Rice method cuts indexing times from weeks to hours, search times from hours to minutes
Rice University computer scientists are sending RAMBO to rescue genomic researchers who sometimes wait days or weeks for search results from enormous DNA databases.
DNA sequencing is so popular, genomic datasets are doubling in size every two years, and the tools to search the data haven’t kept pace. Researchers who compare DNA across genomes or study the evolution of organisms like the virus that causes COVID-19 often wait weeks for software to index large, “metagenomic” databases, which get bigger every month and are now measured in petabytes.
RAMBO, which is short for “repeated and merged bloom filter,” is a new method that can cut indexing times for such databases from weeks to hours and search times from hours to seconds. Rice University computer scientists presented RAMBO last week at the Association for Computing Machinery data science conference SIGMOD 2021.

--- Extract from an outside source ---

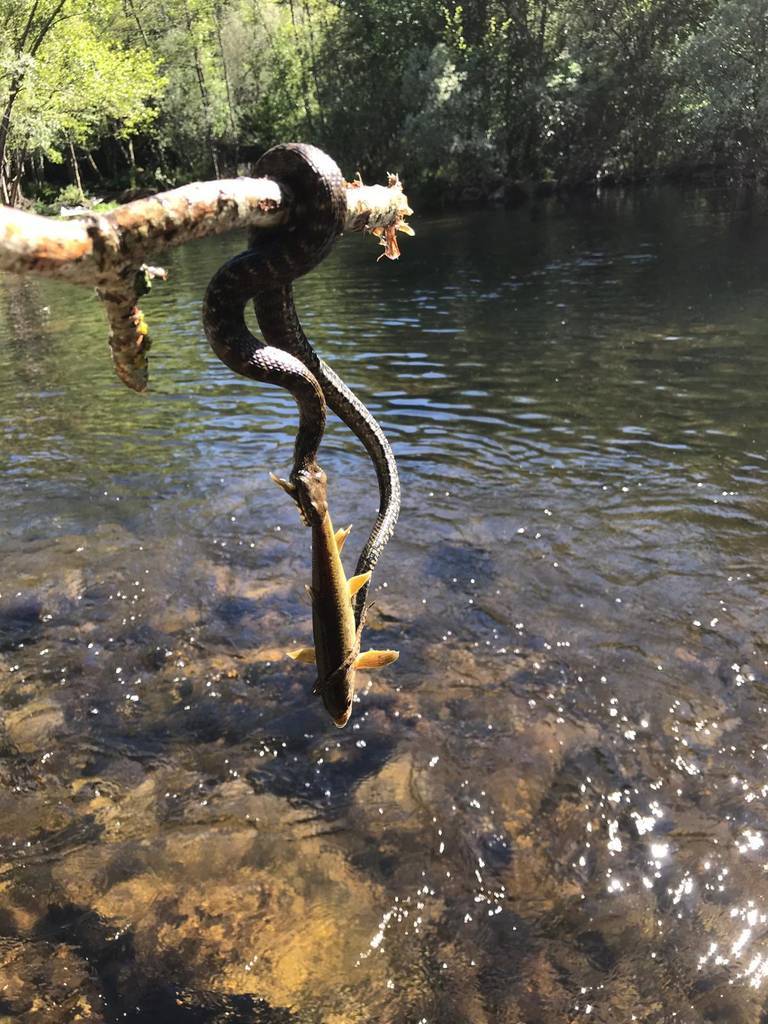 Los integrantes del grupo que habían elegido el lugar para pasar la tarde, observaron entre conversaciones y risas algo raro en el agua, al aproximarse vieron como una impresionante «culebra» que pasaba de los dos metros se estaba «zampando» una enorme trucha. Se acercaron curiosos a ver qué era lo que pasaba; mientras que a unos la estampa les producía rechazo y pena a los otros la escena les parecía de lo más natural. «Nosotros somos de pueblo y aunque nos daba algo de grima lo vimos normal. Lo único que teníamos miedo era por si la hacía algo al perro», contaba Sabela.

“Querying millions of DNA sequences against a large database with traditional approaches can take several hours on a large compute cluster and can take several weeks on a single server,” said RAMBO co-creator Todd Treangen, a Rice computer scientist whose lab specializes in metagenomics. “Reducing database indexing times, in addition to query times, is crucially important as the size of genomic databases are continuing to grow at an incredible pace.”
To solve the problem, Treangen teamed with Rice computer scientist Anshumali Shrivastava, who specializes in creating algorithms that make big data and machine learning faster and more scalable, and graduate students Gaurav Gupta and Minghao Yan, co-lead authors of the peer-reviewed conference paper on RAMBO.

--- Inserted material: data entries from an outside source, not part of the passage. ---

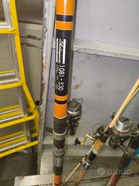 come da foto cinque canne da pesca.. non fate domande perché ferme da un paio d'anni viste e piaciute complete di mulinelli
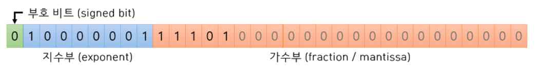• bias(127)값을 더하는 이유 : 지수가 음수일 경우를 포함해야하
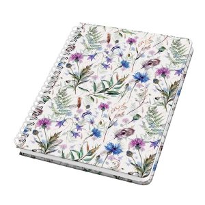Notes v pevných doskách z kolekcie Kataríny Winterovej s ilustráciami kvetín, s uzatváraním na gumičku, vreckom na drobnosti a pútkom na ceruzku.

RAMBO uses a data structure that has a significantly faster query time than state-of-the-art genome indexing methods as well as other advantages like ease of parallelization, a zero false-negative rate and a low false-positive rate.

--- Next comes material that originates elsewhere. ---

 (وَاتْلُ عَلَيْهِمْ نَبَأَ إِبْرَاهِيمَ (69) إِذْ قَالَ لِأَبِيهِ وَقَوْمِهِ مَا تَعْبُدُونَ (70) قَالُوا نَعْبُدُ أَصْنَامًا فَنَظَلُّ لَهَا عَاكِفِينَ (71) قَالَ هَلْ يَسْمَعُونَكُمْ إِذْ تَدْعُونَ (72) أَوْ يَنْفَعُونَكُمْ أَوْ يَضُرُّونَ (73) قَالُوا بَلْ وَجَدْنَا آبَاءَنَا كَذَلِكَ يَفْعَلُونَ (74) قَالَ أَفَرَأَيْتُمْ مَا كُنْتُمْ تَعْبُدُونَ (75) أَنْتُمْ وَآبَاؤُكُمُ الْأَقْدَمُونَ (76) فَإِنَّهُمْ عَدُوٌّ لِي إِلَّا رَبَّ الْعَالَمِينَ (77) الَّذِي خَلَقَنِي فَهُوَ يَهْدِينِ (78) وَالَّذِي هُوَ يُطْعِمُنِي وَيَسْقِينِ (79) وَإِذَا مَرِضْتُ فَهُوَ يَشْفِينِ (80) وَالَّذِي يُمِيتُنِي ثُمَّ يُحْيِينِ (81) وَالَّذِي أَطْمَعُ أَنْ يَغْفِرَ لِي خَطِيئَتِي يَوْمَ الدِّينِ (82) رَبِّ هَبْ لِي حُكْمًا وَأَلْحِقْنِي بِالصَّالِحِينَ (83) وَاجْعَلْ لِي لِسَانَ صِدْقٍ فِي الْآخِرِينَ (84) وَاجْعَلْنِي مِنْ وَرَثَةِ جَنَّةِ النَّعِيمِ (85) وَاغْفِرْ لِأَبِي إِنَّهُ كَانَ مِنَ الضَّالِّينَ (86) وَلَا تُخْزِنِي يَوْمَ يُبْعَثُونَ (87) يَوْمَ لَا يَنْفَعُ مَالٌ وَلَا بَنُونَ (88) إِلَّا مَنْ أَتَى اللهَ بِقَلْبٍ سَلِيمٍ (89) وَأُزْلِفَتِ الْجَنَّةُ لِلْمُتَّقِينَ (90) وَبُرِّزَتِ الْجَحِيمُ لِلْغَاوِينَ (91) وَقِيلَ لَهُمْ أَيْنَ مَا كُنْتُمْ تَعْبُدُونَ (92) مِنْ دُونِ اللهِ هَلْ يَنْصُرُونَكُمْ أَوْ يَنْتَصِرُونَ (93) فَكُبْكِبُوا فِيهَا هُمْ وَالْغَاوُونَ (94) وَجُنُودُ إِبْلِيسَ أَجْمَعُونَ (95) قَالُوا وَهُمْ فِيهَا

“The search time of RAMBO is up to 35 times faster than existing methods,” said Gupta, a doctoral student in electrical and computer engineering. In experiments using a 170-terabyte dataset of microbial genomes, Gupta said RAMBO reduced indexing times from “six weeks on a sophisticated, dedicated cluster to nine hours on a shared commodity cluster.”
Yan, a master’s student in computer science, said, “On this huge archive, RAMBO can search for a gene sequence in a couple of milliseconds, even sub-milliseconds using a standard server of 100 machines.”
RAMBO improves on the performance of Bloom filters, a half-century-old search technique that has been applied to genomic sequence search in a number of previous studies. RAMBO improves on earlier Bloom filter methods for genomic search by employing a probabilistic data structure known as a count-min sketch that “leads to a better query time and memory trade-off” than earlier methods, and “beats the current baselines by achieving a very robust, low-memory and ultrafast indexing data structure,” the authors wrote in the study.
Gupta and Yan said RAMBO has the potential to democratize genomic search by making it possible for almost any lab to quickly and inexpensively search huge genomic archives with off-the-shelf computers.
“RAMBO could decrease the wait time for tons of investigations in bioinformatics, such as searching for the presence of SARS-CoV-2 in wastewater metagenomes across the globe,” Yan said. “RAMBO could become instrumental in the study of cancer genomics and bacterial genome evolution, for example.”
Shrivastava is an associate professor of computer science and Treangen is an assistant professor of computer science.
Additional study co-authors include Benjamin Coleman, Bryce Kille, Leo Elworth and Tharun Medini.
The research was funded by that National Science Foundation, the Air Force Office of Scientific Research and the Office of Naval Research.